Retype, exactly and completely, the listing that comes next, skipping its images.

── DATA SHOWN

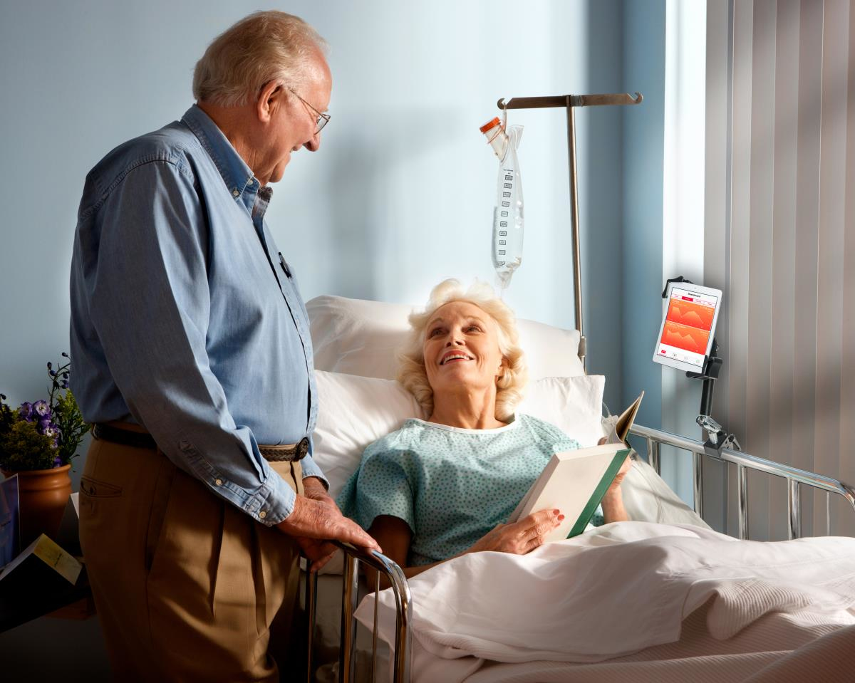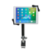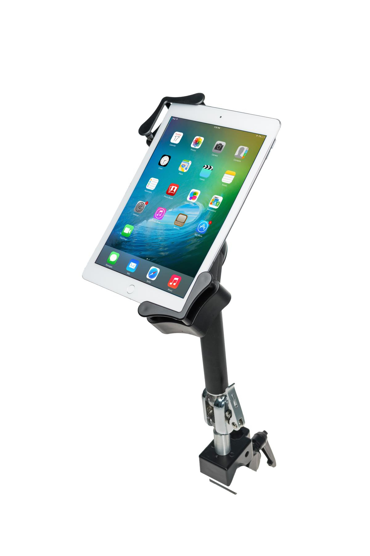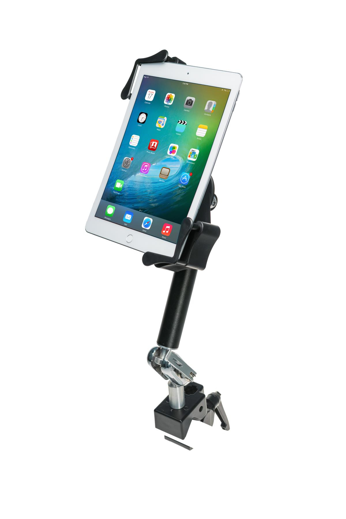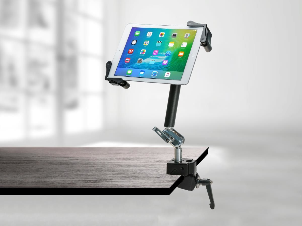 This heavy-duty tablet mount is designed for ease of use and rugged applications. The arm’s tilting, rotating joint allows custom positioning and can be fixed in position with a folding clasp. The adjustable clamp uses powerful rubber grips and a rotary tightening mechanism to give you fast, easy setups on cylindrical objects like warehouse machinery, hospital bed rails, and wheelchairs. The clamp also adjusts to fit flat surfaces like desks, tables, and countertops. The slide adjustable tablet holder tilts side to side and rotates a full 360 degrees to accommodate both portrait and landscape orientations. The arm also features clean interior cable routing for neat charging while in use.
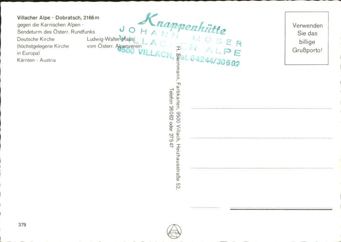 71420006 Villach Kaernten Villacher Alpe-Dobratsch postalisch nicht gelaufen Erhaltung siehe scans KatCode: 11390211020201
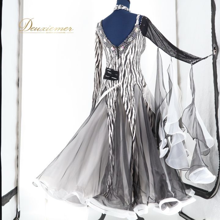 社交ダンス 衣装 ドレス ワンピース フロート ゼブラ 柄 模様 デモ 競技 ダンス パーティ 発表会 ブラック系 ホワイト系 Wish plus スカート ふんわり エレガント おしゃれ 競技用 パーティー 発表会用
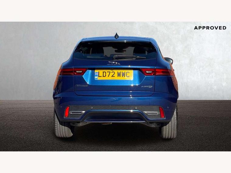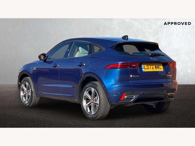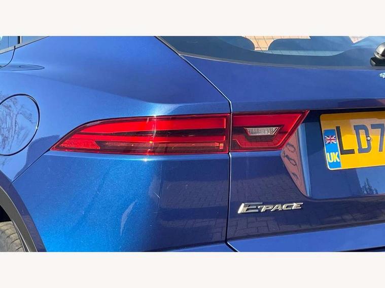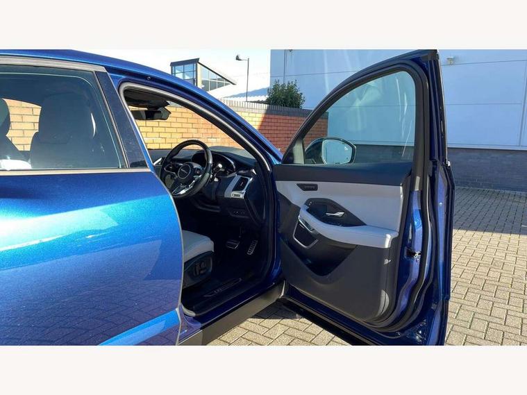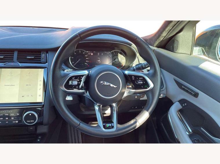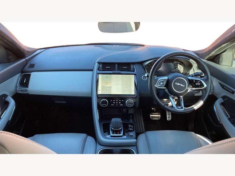 11.4" touchscreen with central ICP, 12.3" full digital instrument panel, Adaptive cruise control, Android Auto, Apple car play, Blind spot assist, Driver condition monitor, Eco driving style assistant, Electric power assisted steering, Emergency services call system, Front and rear parking aid, InControl remote, Jaguar drive control with adaptive surface response, Jaguar Toggle sport shift selector, Lane keep assist, Outside temperature gauge, Pivi pro connected infotainment system with smart settings and navigation pro, Push button start, Rear collision monitor, Rear traffic monitor, Speed proportional steering, Traffic sign recognition with adaptive speed limiter, Trip computer, Voice control system, 7 kW onboard charger, Configurable dynamics, Electric rear axle drive, Home charging cable Mode 2, Large fuel tank, Passive suspension, Public charging cable Mode 3, AM/FM DVD MP3 radio, Bluetooth connectivity including audio streaming, DAB digital audio broadcast, Dynamic volume control, 3 flash lane change indicators, Approach Illumination, Auto high beam assist, Automatic headlights, Body colour door handles, Body colour door mirrors, Body colour front and rear lower bumper main moulding and lower side cladding, Body colour upper spoiler, Body coloured side sills, Centre high-mounted stop light, Dark satin grille tips, Electric front/rear windows with one touch/auto up/down, Electric heated/power fold memory door mirrors with approach lights and auto dimming driver side, Embossed leaper for grained and windsor leather, Heated washer jets, Heated windscreen, Jaguar script and leaper, LED tail lights, LED third brake light, Narvik black antenna pod and side pillar finisher, R Dynamic badge, R Dynamic body colour bumpers, Rain sensor windscreen wipers, Rear fog lights, Rear side wing doors, Rear wash wiper, Satin black grained front outer grille, low grill mesh and low bumper valence, side fender vent mesh and finisher, rear tow eye cover and grille mesh, Twin exhaust tailpipe, Variable front intermittent wipers, 3 rear head restraints, 3 seat bench in 2nd row, 40:20:40 rear seat fold, Bright metal pedals, Carpet mats, Centre console with armrest, Enhanced ambient lighting, Hooks loadspace, ISOFIX on outer rear seats, Loadspace cover, Loadspace light, Loadspace storage net, Luggage tie-downs in loadspace, Manual height/reach adjust steering wheel, Multifunction steering wheel, Overhead lighting console, Passive front head restraints, Power sockets, R-Dynamic branded leather steering wheel, Rear air vents, Rear bench seats, Satin chrome gearshift paddles, Single front passenger seat, Sunvisors with illuminated vanity mirrors, Twin front cupholders, Two zone climate control, 3x3 point rear seatbelts, ABS, All surface progress control (ASPC), Child locks on rear doors, Customer configurable autolock, DSC - Dynamic Stability Control, Electronic brake force distribution, Electronic parking brake, Emergency brake assist, Emergency braking, Front airbags with passenger seat occupant detector, Front and rear curtain airbags, Front and rear seatbelt reminder, Front passenger airbag deactivation, Front seatbelt pretensioners, Front side airbags, Height adjustable front seatbelts, Hill start assist, Low friction launch, Power child locks, Torque vectoring brake, Tyre pressure monitoring system, Intrusion sensor and alarm, Locking wheel nuts, Remote central locking,

────

RESPONSE TO THE EXERCISE =
 This heavy-duty tablet mount is designed for ease of use and rugged applications. The arm’s tilting, rotating joint allows custom positioning and can be fixed in position with a folding clasp. The adjustable clamp uses powerful rubber grips and a rotary tightening mechanism to give you fast, easy setups on cylindrical objects like warehouse machinery, hospital bed rails, and wheelchairs. The clamp also adjusts to fit flat surfaces like desks, tables, and countertops. The slide adjustable tablet holder tilts side to side and rotates a full 360 degrees to accommodate both portrait and landscape orientations. The arm also features clean interior cable routing for neat charging while in use.
 71420006 Villach Kaernten Villacher Alpe-Dobratsch postalisch nicht gelaufen Erhaltung siehe scans KatCode: 11390211020201
 社交ダンス 衣装 ドレス ワンピース フロート ゼブラ 柄 模様 デモ 競技 ダンス パーティ 発表会 ブラック系 ホワイト系 Wish plus スカート ふんわり エレガント おしゃれ 競技用 パーティー 発表会用
 11.4" touchscreen with central ICP, 12.3" full digital instrument panel, Adaptive cruise control, Android Auto, Apple car play, Blind spot assist, Driver condition monitor, Eco driving style assistant, Electric power assisted steering, Emergency services call system, Front and rear parking aid, InControl remote, Jaguar drive control with adaptive surface response, Jaguar Toggle sport shift selector, Lane keep assist, Outside temperature gauge, Pivi pro connected infotainment system with smart settings and navigation pro, Push button start, Rear collision monitor, Rear traffic monitor, Speed proportional steering, Traffic sign recognition with adaptive speed limiter, Trip computer, Voice control system, 7 kW onboard charger, Configurable dynamics, Electric rear axle drive, Home charging cable Mode 2, Large fuel tank, Passive suspension, Public charging cable Mode 3, AM/FM DVD MP3 radio, Bluetooth connectivity including audio streaming, DAB digital audio broadcast, Dynamic volume control, 3 flash lane change indicators, Approach Illumination, Auto high beam assist, Automatic headlights, Body colour door handles, Body colour door mirrors, Body colour front and rear lower bumper main moulding and lower side cladding, Body colour upper spoiler, Body coloured side sills, Centre high-mounted stop light, Dark satin grille tips, Electric front/rear windows with one touch/auto up/down, Electric heated/power fold memory door mirrors with approach lights and auto dimming driver side, Embossed leaper for grained and windsor leather, Heated washer jets, Heated windscreen, Jaguar script and leaper, LED tail lights, LED third brake light, Narvik black antenna pod and side pillar finisher, R Dynamic badge, R Dynamic body colour bumpers, Rain sensor windscreen wipers, Rear fog lights, Rear side wing doors, Rear wash wiper, Satin black grained front outer grille, low grill mesh and low bumper valence, side fender vent mesh and finisher, rear tow eye cover and grille mesh, Twin exhaust tailpipe, Variable front intermittent wipers, 3 rear head restraints, 3 seat bench in 2nd row, 40:20:40 rear seat fold, Bright metal pedals, Carpet mats, Centre console with armrest, Enhanced ambient lighting, Hooks loadspace, ISOFIX on outer rear seats, Loadspace cover, Loadspace light, Loadspace storage net, Luggage tie-downs in loadspace, Manual height/reach adjust steering wheel, Multifunction steering wheel, Overhead lighting console, Passive front head restraints, Power sockets, R-Dynamic branded leather steering wheel, Rear air vents, Rear bench seats, Satin chrome gearshift paddles, Single front passenger seat, Sunvisors with illuminated vanity mirrors, Twin front cupholders, Two zone climate control, 3x3 point rear seatbelts, ABS, All surface progress control (ASPC), Child locks on rear doors, Customer configurable autolock, DSC - Dynamic Stability Control, Electronic brake force distribution, Electronic parking brake, Emergency brake assist, Emergency braking, Front airbags with passenger seat occupant detector, Front and rear curtain airbags, Front and rear seatbelt reminder, Front passenger airbag deactivation, Front seatbelt pretensioners, Front side airbags, Height adjustable front seatbelts, Hill start assist, Low friction launch, Power child locks, Torque vectoring brake, Tyre pressure monitoring system, Intrusion sensor and alarm, Locking wheel nuts, Remote central locking,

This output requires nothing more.